Panelists and veterans in the audience challenged  Secretary Collins’s assurance that cuts to non -clinical staff, like clerks or housekeepers or dietary workers, isn’t affecting the delivery of clinical care.
As the psychologist explained, “My job, at its core, is to deal with folks who are in kinetic, rapid fire, very volatile and complicated situations and to connect them with care as quickly as humanly possible.  If the system is not firing on all cylinders, it’s orders magnitude more difficult to do that. So, when you say you’re going to protect clinicians but fire admin staff that’s like saying you’re going to keep the conductor but fire the orchestra.”
The vets in the audience understood these problems all too well.  As veteran patients stood up and gave witness to the impact VHA care has had on their lives, I felt like I was in a revival meeting.   Over and over again, they proclaimed, they feel that the VA is their best, indeed their first choice.
As Coast Guard veteran Dan Dewell wrote on the Veterans of Sonoma County Facebook page, “Most veterans who use the VA system think it’s great.  Many would literally not be alive without it.”
Steve Weigert, a combat wounded Marine veteran who served in the Vietnam War echoed Dewell’s comments.  “The VA saved my life both from my PTSD and from the cancers I’ve had from my Agent Orange exposure.  I still use the VA today both seeing a provider for mental health and the medical side.  I’m very appreciative of what the VA does for me.”
Fred Ptucha, the president of the local chapter of Veterans for Peace, also served in Vietnam. “I still suffer from moral injury from participating in a war I didn’t believe in,” he told me. ”The VA has therapists who really understand the problems veterans face.”
All these veterans said they were opposed to what they feel is a concerted effort to force them to seek private sector care. Many veterans in the audience were also members of large veterans’ service organizations like the American Legion and Veterans of Foreign Wars.  They were angry that these large and powerful VSOs weren’t doing more to oppose Trump policies and VA privatization.

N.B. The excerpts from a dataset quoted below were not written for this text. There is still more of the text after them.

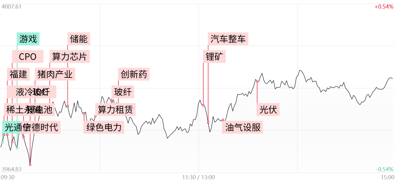 今日市场延续震荡反弹,三大指数最终全线收红,创业板依旧相对偏强,续创阶段新高,短线先行关注5日线即可,只要不将其有效跌破,创业板指或仍具冲高动能。另外沪指依旧受到30日均线的压制,能否将其有效突破仍是后续的观盘重点。另外值得注意的是,今日量能不增反减,反映出目前市场仍以存量博弈为主。此外从市场热点分布来看,绝大多数的赚钱效应多数集中于算力硬件与锂电两大方向,结构性分化同样也是目前市场的主旋律。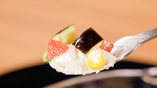 角切りにした水なすを炒め、チキンブイヨンでじっくり煮込み、生クリームと合わせて冷やし固めたムース。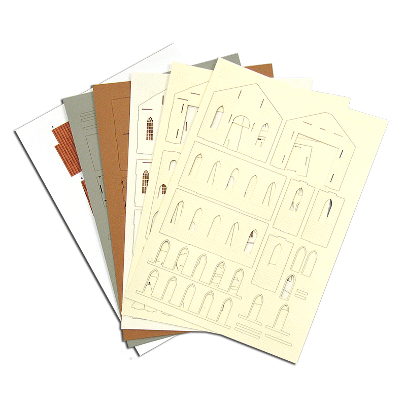 レーザーシートA〜E(5枚)と屋根シート・プラ板(各1枚)が入っています。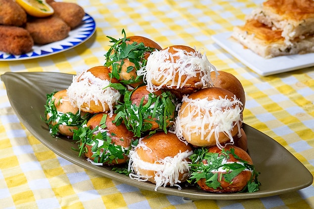 9. Labneli iç harçla doldurduğunuz poğaçaları rendelenmiş kaşar peynirine ve kıyılmış maydanoza batırın. Afiyet olsun.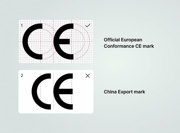 Comme vous le voyez ici à gauche, il y a deux petites différences entre les marquages : 1. Sur le logo « CE » (premier logo), il y a un espace clair entre les deux lettres. Sur le logo « China Export », il n’y a pas d’espace entre les deux lettres. 2. Sur le logo « CE », la barre centrale de la deuxième lettre est légèrement plus courte que les deux autres barres. Sur le logo « China Export », la barre centrale de la deuxième lettre est de la même longueur que les deux autres barres.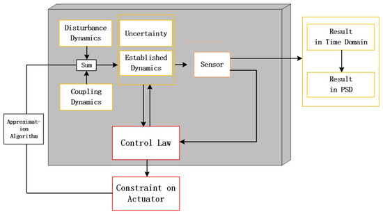 Due to the shared actuators between spacecrafts and test masses, the drag-free and attitude controllers for a spacecraft with internal test masses are designed as an integrated system, commonly referred to as drag-free and attitude control (DFAC) systems. The design details of DFAC systems have garnered significant attention from scholars [32,33,34,35,36,37,38,39,40]. Here are some typical designs: E. Canuto addressed the issue of system model accuracy by establishing noise estimators, constructed a new digital model, and proposed a feasible control system for the GOCE satellite based on EMC theory [32]. Chu Zhang tackled disturbance suppression in his controller design by combining ADRC (active disturbance rejection control) and DDC (disturbance decoupling control), and thus, effectively addressed the problem of a satellite equipped with a one-cubic-test-mass DFAC system [33]. A drag-free and attitude control system of the MICROSCOPE mission is introduced in [34], and the results are presented as in-orbit data.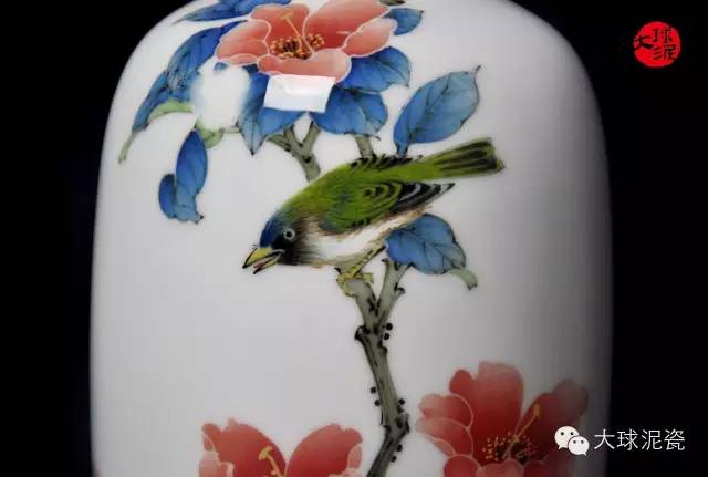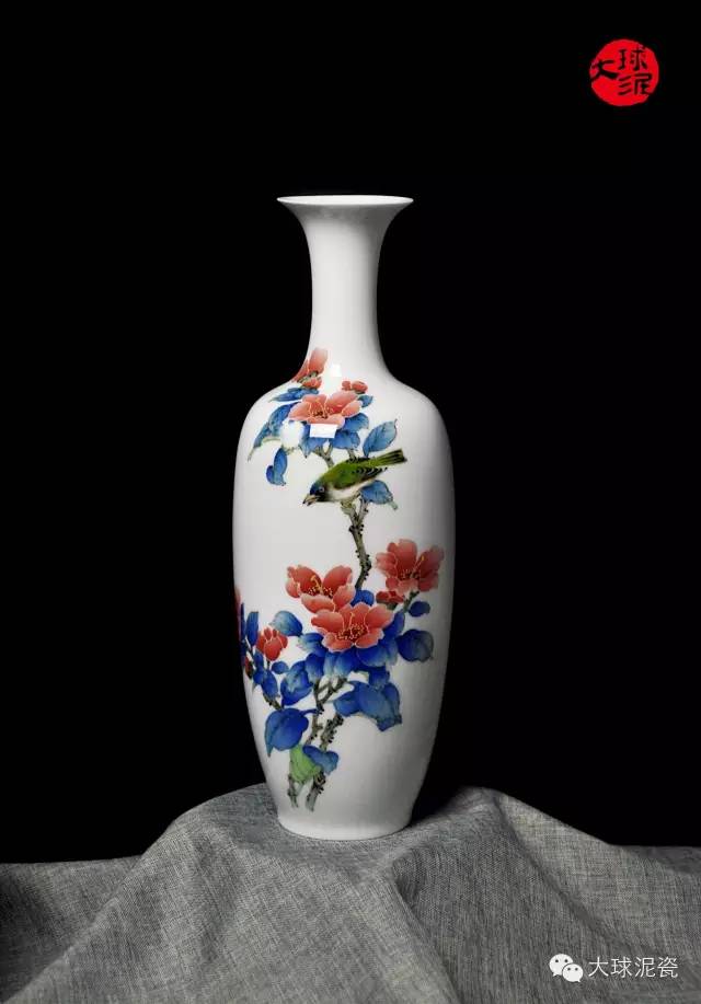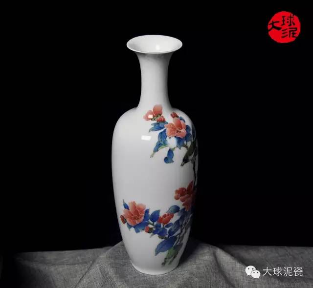 《鸟语花香》柳叶瓶,以大球泥为原材料,由工艺美术大师李璜香创作。釉色光亮纯净,洁白泛青,画面典雅清新,极具中国传统手绘之神韵。此件大球泥瓷,采用国画中常见的花鸟题材进行创作,画面布局疏密有致,有动有静,笔墨韵味更胜于纸质画作,体现出作者深厚的绘瓷功底。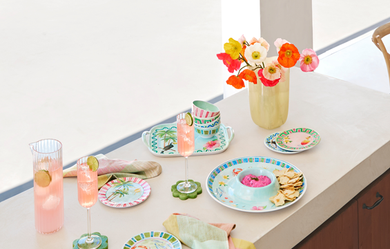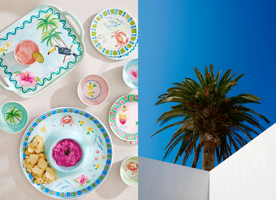 Create your own tropical oasis. Vibrant shades and summer-inspired patterns bring a playful touch to days in the sunshine.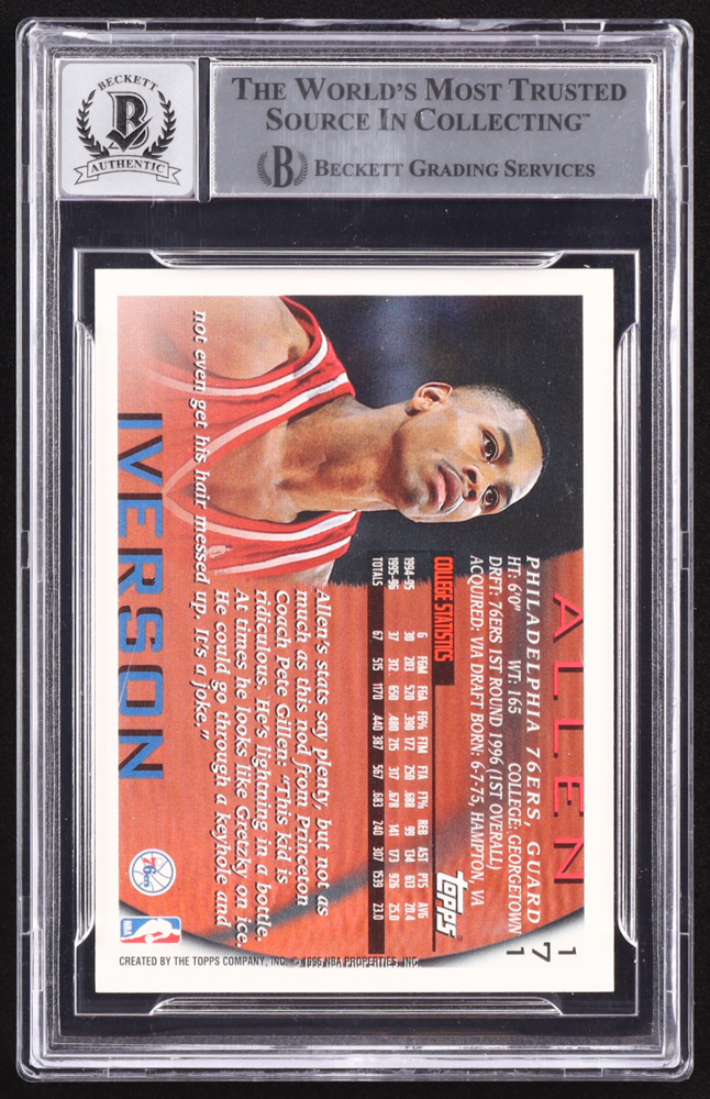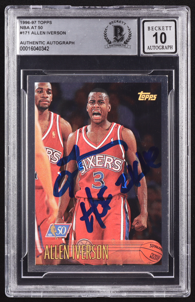 Allen Iverson Signed 1996-97 Topps NBA at 50 #171 RC Inscribed "HOF 2K16" (BGS | Auto 10)

Perhaps the most heart wrenching testimonials came from older veterans, like those who’d served in Vietnam, and who said they had resisted seeking care at the VA for far too long.  One explained that he’d resisted going to the VA for help for decades.  Finally, after suffering for years, he found the care that has allowed him to cope with the enduring wounds of war.
It is critical, he and other organizers said, to save the VHA healthcare system so that it will be there to serve future cohorts of veterans.  How, these veterans wondered, can private sector providers who understand little or nothing about the veteran experience ever help them?  How can they heal without the expertise the VHA has accumulated over a century?  These are the questions Congress must address and answer.
“The point of this meeting and our rallies in front of the VA,’” says Ginger Schechter, “is to help veterans understand how their healthcare is being impacted and how dismantling the VA can hurt all Americans.  We want veterans to keep these issues not only at the forefront of their minds but of candidates’ minds in the upcoming election. When they meet with candidates, they need to ask them if they know, for example, that the VHA teaches future generations of healthcare professionals.  Without the VHA, doctor shortages will get even worse.
”The goal here, the organizers insist, is not to rant and rave about Trump, it’s to make sure pernicious policies are reversed and to assure that, if Democrats are elected this fall, they don’t return to the status quo ante, but instead fight to improve the VA and with it all of American healthcare.